Bananas are high in carbohydrates, making them a great breakfast food or pre-workout snack for a quick boost of energy, according to the Mayo Clinic. The fruit is also high in potassium, a nutrient that can help regulate blood pressure and promote good nerve and muscle function. However, since bananas are low in protein and unsaturated, healthy fats, you'll want to combine them with complementary foods that provide those macros.
These five banana pairings can give you that balanced nutrient profile — and crush your cravings for sweets in a healthy way.
1. Caramelized Banana Dessert Hummus
If you're a hummus fan, you'll love adding a boost of banana to this fan-favorite chickpea dip. While you can enjoy this recipe with just a spoon, you can also pair it with some pretzel thins for added crunchiness. And let's be honest, who doesn't love pretzels and hummus?
While bananas are high in carbs, they aren't particularly high in fiber (only about 3 grams per medium fruit). Luckily, chickpeas pack in protein and fiber, both of which can help promote satiety, according to the Harvard T.H. Chan School of Public Health. One specific type of fiber in these little legumes is raffinose, which can help reduce inflammation and regulate your digestion.
2. Grilled Banana Split Breakfast Bowl
This recipe gives your favorite childhood dessert a healthy twist, topped with grilled bananas for a decadent twist. This banana split breakfast bowl is high in protein, high in unsaturated fats and only takes 20 minutes to prepare.
While we all love ice cream, this recipe calls for low-fat Greek yogurt, which is a great probiotic food to incorporate into your morning.
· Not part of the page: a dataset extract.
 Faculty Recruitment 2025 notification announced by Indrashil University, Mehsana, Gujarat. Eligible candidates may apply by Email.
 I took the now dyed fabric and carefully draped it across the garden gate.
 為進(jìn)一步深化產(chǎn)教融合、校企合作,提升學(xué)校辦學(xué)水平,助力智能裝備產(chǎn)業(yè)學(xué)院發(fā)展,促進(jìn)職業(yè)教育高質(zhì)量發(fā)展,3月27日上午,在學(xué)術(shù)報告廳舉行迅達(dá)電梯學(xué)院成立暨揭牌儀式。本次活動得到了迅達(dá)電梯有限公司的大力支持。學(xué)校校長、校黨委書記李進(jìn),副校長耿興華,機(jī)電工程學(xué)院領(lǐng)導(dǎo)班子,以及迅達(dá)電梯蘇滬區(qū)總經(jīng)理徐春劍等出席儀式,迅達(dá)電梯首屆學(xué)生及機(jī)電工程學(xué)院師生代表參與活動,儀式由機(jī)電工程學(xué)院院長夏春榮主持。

Probiotics can help promote gut health and are especially advantageous for those that may experience common digestive issues like diarrhea or constipation, according to Harvard Health Publishing.
3. Gluten-Free Ice Cream Protein Sandwiches
Banana "nice" cream? Yes, please! These ice cream sandwiches are made with a frozen banana base, making them a great lower sugar alternative for those nights you just can't skip dessert.
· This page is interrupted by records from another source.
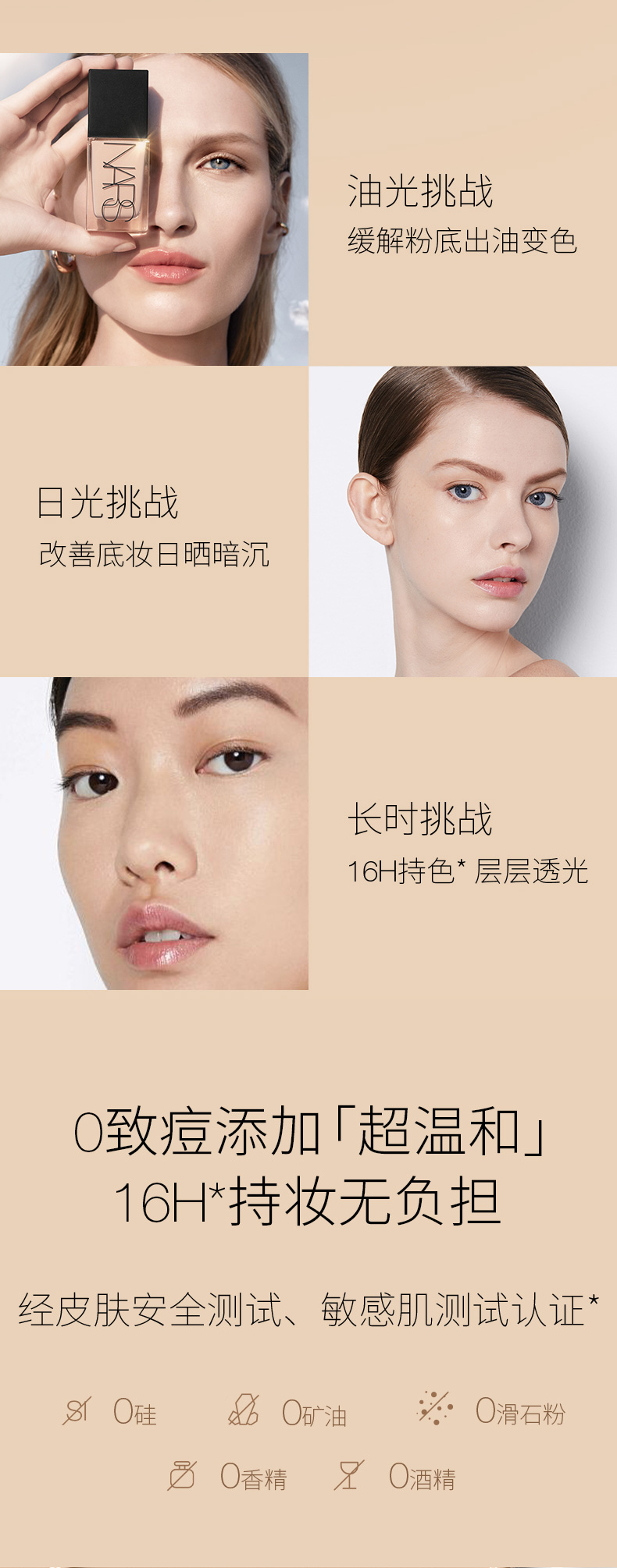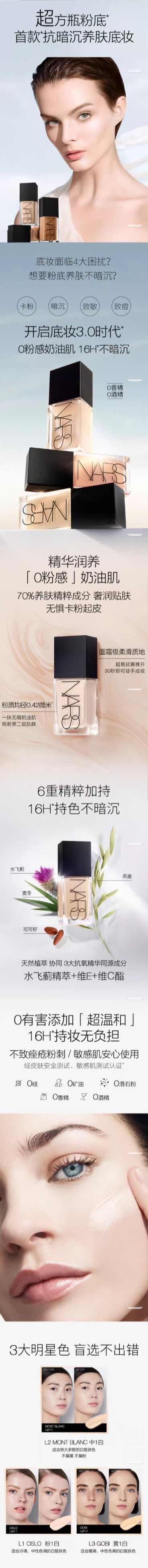 【肖战同款】纳斯NARS超方瓶流光美肌粉底液 养肤持色持妆抗暗沉遮瑕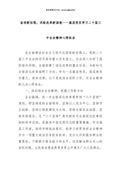 【七哥公文】2024年:奋进新征程,共绘改革新画卷——基层党员学习二十届三中全会精神心得体会+更多免费公文+VX:QiGeGongWen2024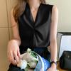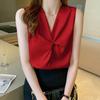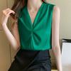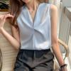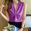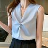 Top de Cetim Sem Mangas para Mulheres 2025 Verão Novo Estilo Transpassado Decote V Solto e Estiloso Cobre a Barriga Camisa de Chiffon Estilo Coreano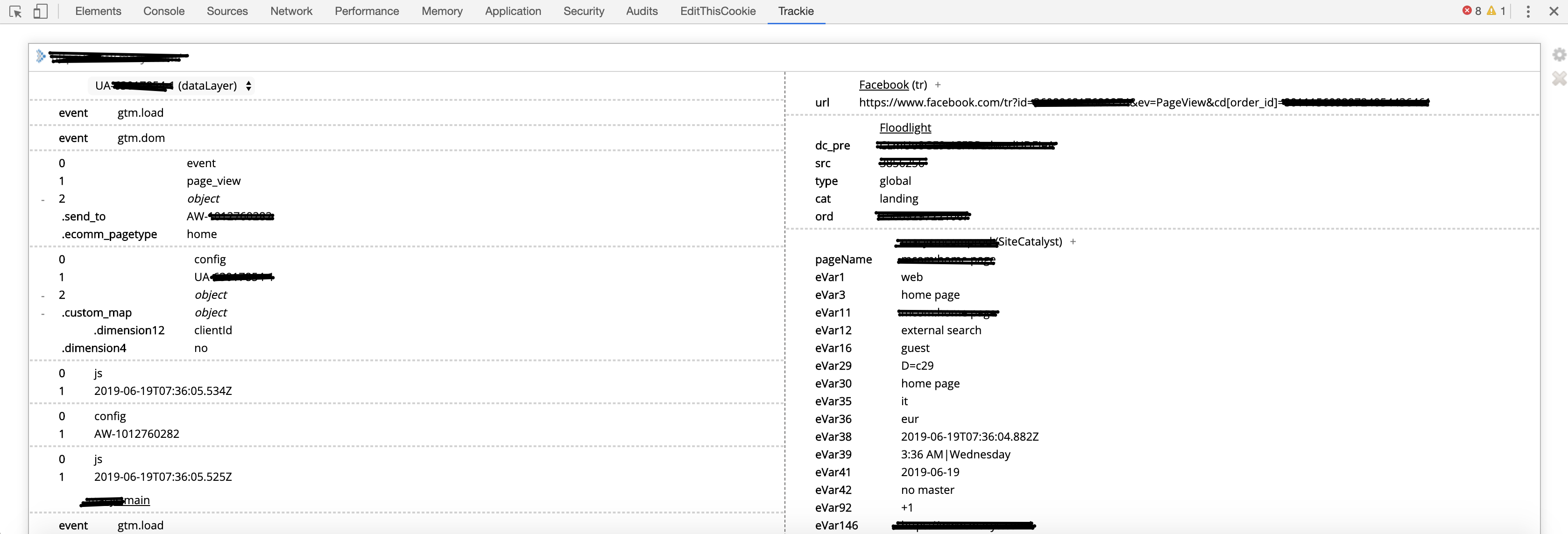 A new panel will appear in Developer Tools titled Trackie, containing a page group and URL for each pageload in the tab, with each push to the dataLayer variable (in the case of GTM's array-based data layer) appearing in a subgroup.

4. Baked Banana Bread Oatmeal
The combo of oatmeal and banana is not a new concept. But this oatmeal recipe is baked with mashed bananas and then topped with spiced caramelized banana slices for a delicious twist. This a.m. meal is high in whole grains and low in saturated fat, deeming it a great breakfast food or dessert.
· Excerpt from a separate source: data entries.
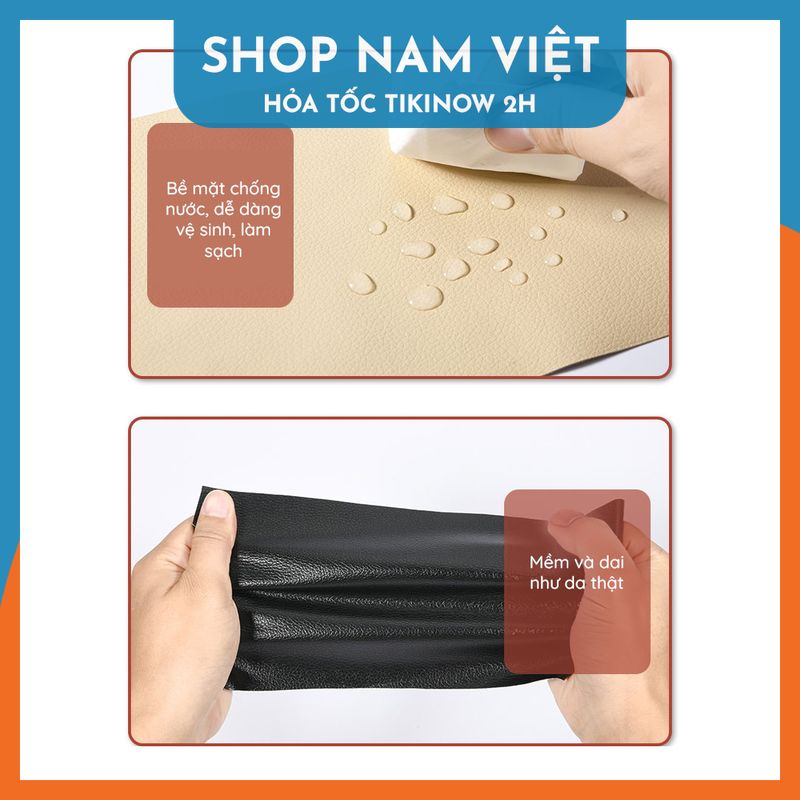 Mua tại TiktokĐóng gói: 1 miếng da kích thước tùy chọn ️ Tính năng Dễ dàng vá lại chỗ rách trên đồ da như ghế da, yên với keo siêu dính. Sử dụng cho đồ da thuộc, đồ giả da, Bề mặt băng keo có vân da giống thật, chống nước, chống ẩm. ️ Thông số Kích thước: xem ở lựa chọn đặt hàng. Chất liệu: giả da (da PU) Độ dày: 1mm ️ Cách sử dụng: Làm sạch bề mặt trước khi dán. Dán và ép chặt đảm bảo không bị nhăn hay cong mép.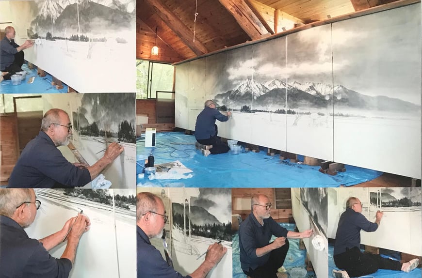 同寺への奉納は、二回目で、前回は、チベットから中国へと流れる仏教の伝来をを表現いたしました。今回、新潟の山々や寺社周辺の風景を描きました。合わせまして、全て完成いたしました。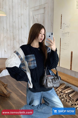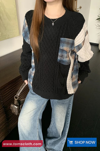 Buy Long Sleeve Plaid Patchwork Knitted Black Sweater from Tomscloth for your outfit of the day. This item is in stock and ready to order. Enjoy 10% discount with using this code: TOMS_MANIA .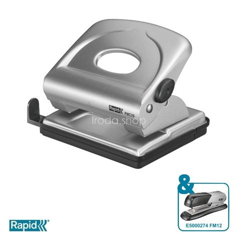 Lyukasztó, kétlyukú, 25 lap, fém, RAPID FMC25, ezüstmetál - erős, fém lyukasztó blokkolható lyukasztó karral a helytakarékos tárolás érdekében - irodai használatra ajánlott - az erős, fém konstrukció tökéletes lyukasztást eredményez - nagyméretű, könny

Oats are a great source of soluble fiber, which can help promote healthy, regular digestion. Plus, oats are rife with beta-glucans, a starch that helps promote a healthy immune system, and may even help lower LDL (bad) cholesterol and blood pressure, according to the Whole Grains Council.
5. Tiramisu Protein Pancakes With Banana-Cream Frosting
While these pancakes may taste like dessert, this recipe is high in protein and carbs, which means it can give you the jolt you need to breeze through your morning. Add some cold brew coffee into the mix for that signature tiramisu taste.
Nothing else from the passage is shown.